Records for the task:
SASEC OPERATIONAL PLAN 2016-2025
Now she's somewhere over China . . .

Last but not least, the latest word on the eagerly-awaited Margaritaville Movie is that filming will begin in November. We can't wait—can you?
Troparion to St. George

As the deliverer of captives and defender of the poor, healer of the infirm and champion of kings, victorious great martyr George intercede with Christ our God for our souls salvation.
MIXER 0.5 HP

...

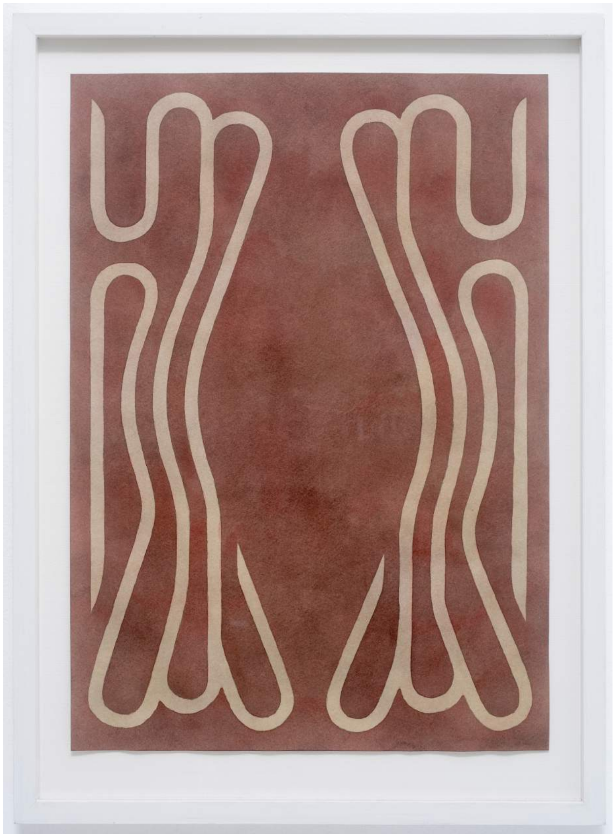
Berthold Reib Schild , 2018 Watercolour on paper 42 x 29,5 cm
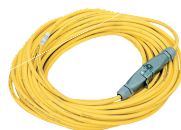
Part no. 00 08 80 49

Exercise details:
Give back exactly the lines above starting at the line where "As the deliverer" appears and ending at the line where "MIXER 0.5 HP" appears, both included, with no other lines.

Exercise solution:
As the deliverer of captives and defender of the poor, healer of the infirm and champion of kings, victorious great martyr George intercede with Christ our God for our souls salvation.
MIXER 0.5 HP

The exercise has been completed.